* [Task directions]: Please output the data exactly, minus pictures.

* [Exercise data]:
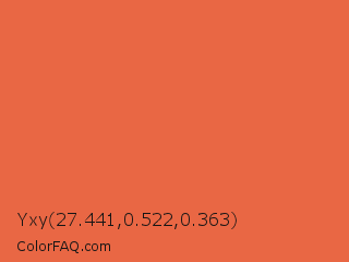 Yxy 27.441,0.522,0.363 Color is a normal red color and the nearest color is Red Damask #da6a41. Hex code #e96744 and RGB value is rgb(233,103,68). In RGB color space, this color is composed of 91% red, 40% green, 27% blue, In CMYK color space, this color is composed of 0% cyan, 56% magenta, 71% yellow , 9% black , In HSL color space, this color has a hue angle of 13° , 79% saturation and 59% lightness.
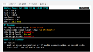昨晩も相変わらずHF Impact LevelはMinor Stormの状態で、全バンドUnstableとなっており、唯一20mがWeak程度になっておりました。磁気嵐もMajorからMinorに下がりましたが、以前続いているようです。
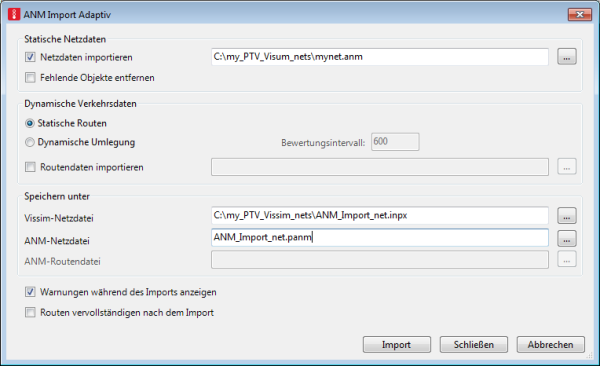 Sie importieren ANM-Daten adaptiv, wenn das Vissim-Netz ursprünglich durch einen ANM-Import erzeugt wurde.
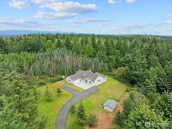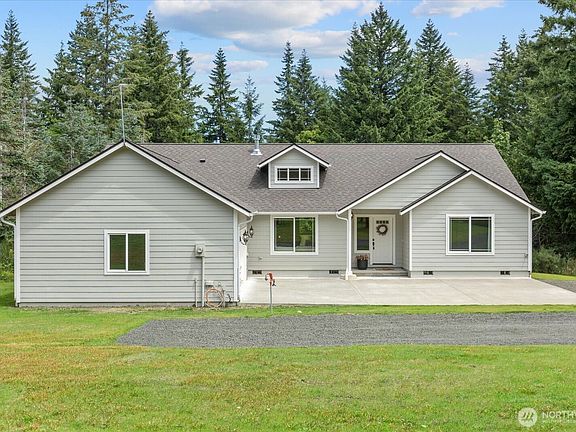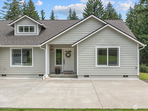 Welcome to your own private retreat! Nestled on over 6 acres of serene wooded grounds, this picturesque 4-bedroom, 2.5-bath home has it all! High end cabinets, quartz countertops, and LVP floors compliment the soaring ceilings & desirable split bedroom floor plan w/ the primary on one side & 3 additional BRs on the other. Savor cozy winter days by the gas fireplace or relaxing in the soaking tub. Enjoy summer days w/ central air cooling or relaxing on the low-maintenance composite deck, complete w/ 220V wiring for a hot tub, propane BBQ hookup, & cable for an outdoor TV. There’s designated RV parking w/ water & septic hookup, & plenty of space for horses or a shop. If you’ve been searching for privacy & room to roam—this is it. Welcome home
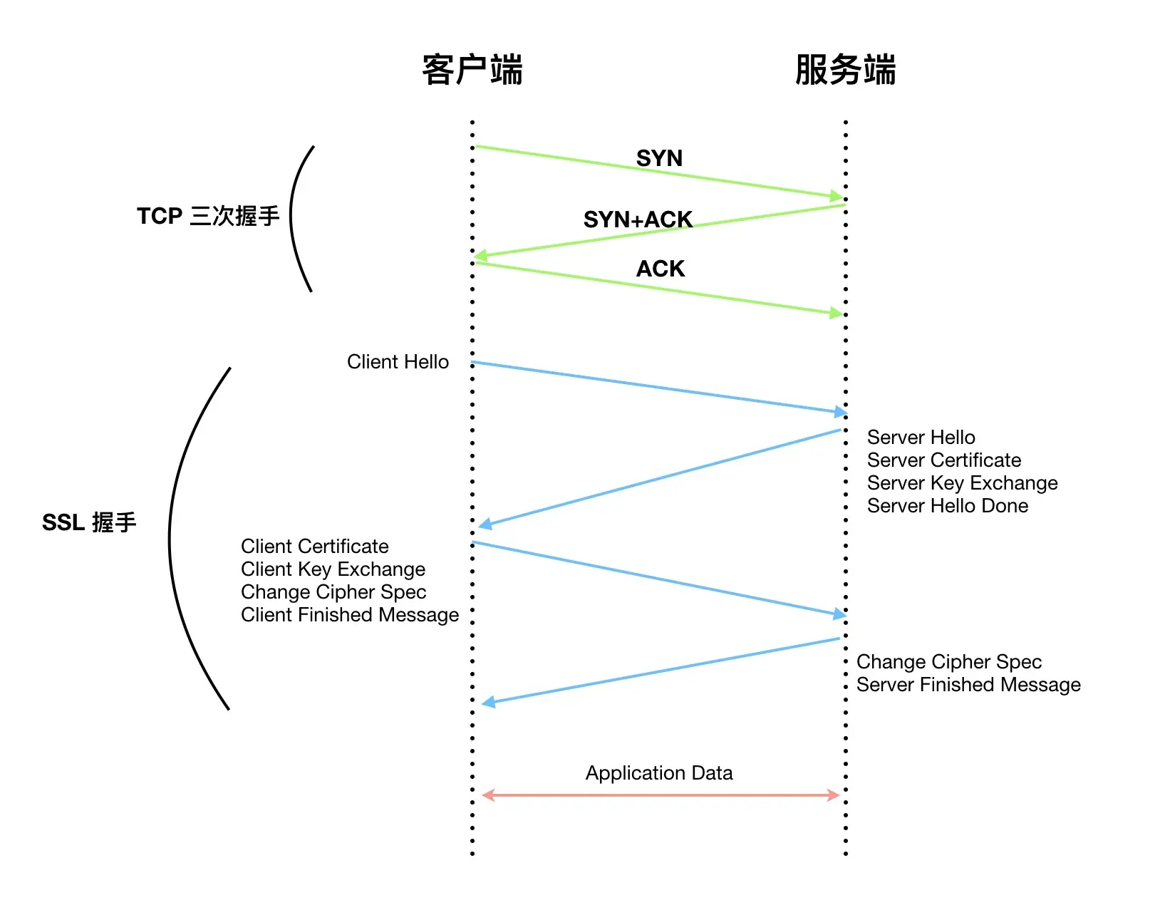 以下主要讨论不需要身份验证的客户端和需要身份验证的服务端之间的握手。
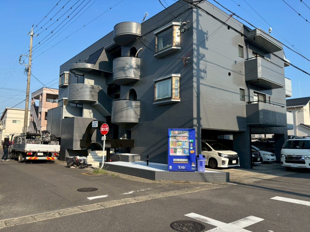 今回ご依頼いただいたのは、マンションの外壁塗り替え工事です。これまでのベージュから、落ち着いたシックなグレーへのカラーチェンジ。完成した瞬間、「同じ建物とは思えない」と感じるほど、印象ががらりと変わりました。
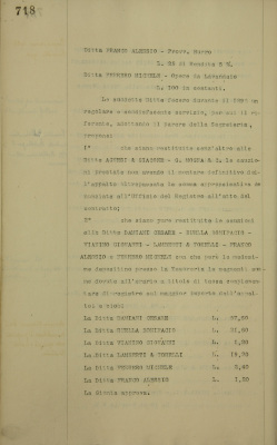 Provveditori dell'EDI per il 1895, restituzione della cauzione
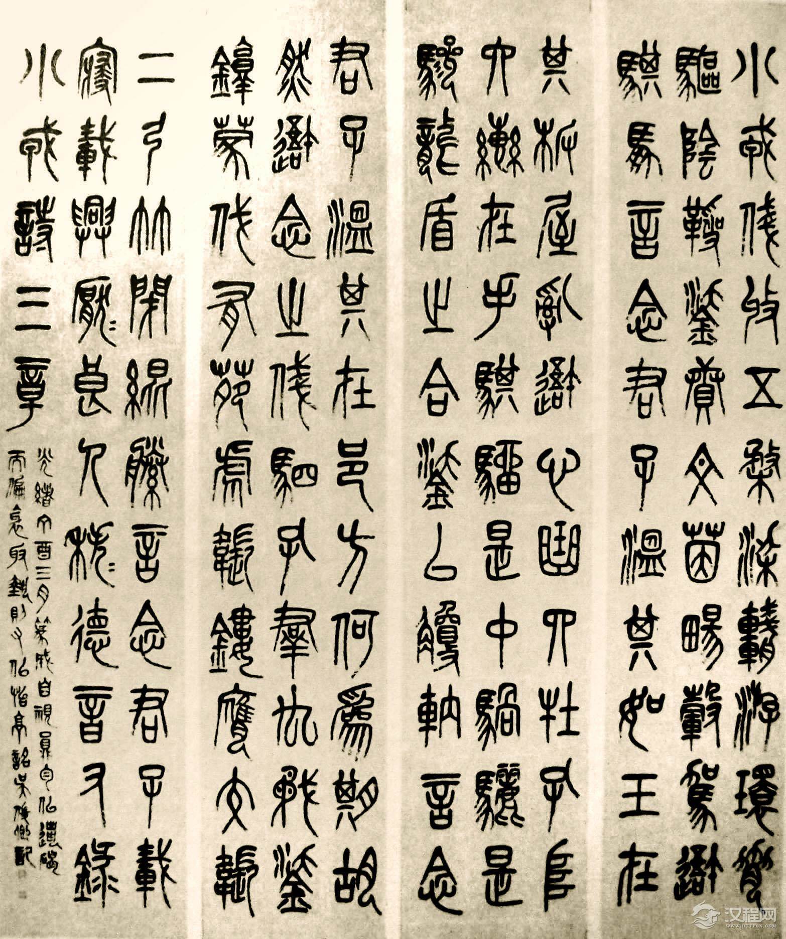 吴昌硕篆书小戎诗四条屏,光绪丁酉年(1897)吴氏五十四岁所作。上海博物馆藏。

* [Written answer]:
 Yxy 27.441,0.522,0.363 Color is a normal red color and the nearest color is Red Damask #da6a41. Hex code #e96744 and RGB value is rgb(233,103,68). In RGB color space, this color is composed of 91% red, 40% green, 27% blue, In CMYK color space, this color is composed of 0% cyan, 56% magenta, 71% yellow , 9% black , In HSL color space, this color has a hue angle of 13° , 79% saturation and 59% lightness.
昨晩も相変わらずHF Impact LevelはMinor Stormの状態で、全バンドUnstableとなっており、唯一20mがWeak程度になっておりました。磁気嵐もMajorからMinorに下がりましたが、以前続いているようです。
 Sie importieren ANM-Daten adaptiv, wenn das Vissim-Netz ursprünglich durch einen ANM-Import erzeugt wurde.
 Welcome to your own private retreat! Nestled on over 6 acres of serene wooded grounds, this picturesque 4-bedroom, 2.5-bath home has it all! High end cabinets, quartz countertops, and LVP floors compliment the soaring ceilings & desirable split bedroom floor plan w/ the primary on one side & 3 additional BRs on the other. Savor cozy winter days by the gas fireplace or relaxing in the soaking tub. Enjoy summer days w/ central air cooling or relaxing on the low-maintenance composite deck, complete w/ 220V wiring for a hot tub, propane BBQ hookup, & cable for an outdoor TV. There’s designated RV parking w/ water & septic hookup, & plenty of space for horses or a shop. If you’ve been searching for privacy & room to roam—this is it. Welcome home
 以下主要讨论不需要身份验证的客户端和需要身份验证的服务端之间的握手。
 今回ご依頼いただいたのは、マンションの外壁塗り替え工事です。これまでのベージュから、落ち着いたシックなグレーへのカラーチェンジ。完成した瞬間、「同じ建物とは思えない」と感じるほど、印象ががらりと変わりました。
 Provveditori dell'EDI per il 1895, restituzione della cauzione
 吴昌硕篆书小戎诗四条屏,光绪丁酉年(1897)吴氏五十四岁所作。上海博物馆藏。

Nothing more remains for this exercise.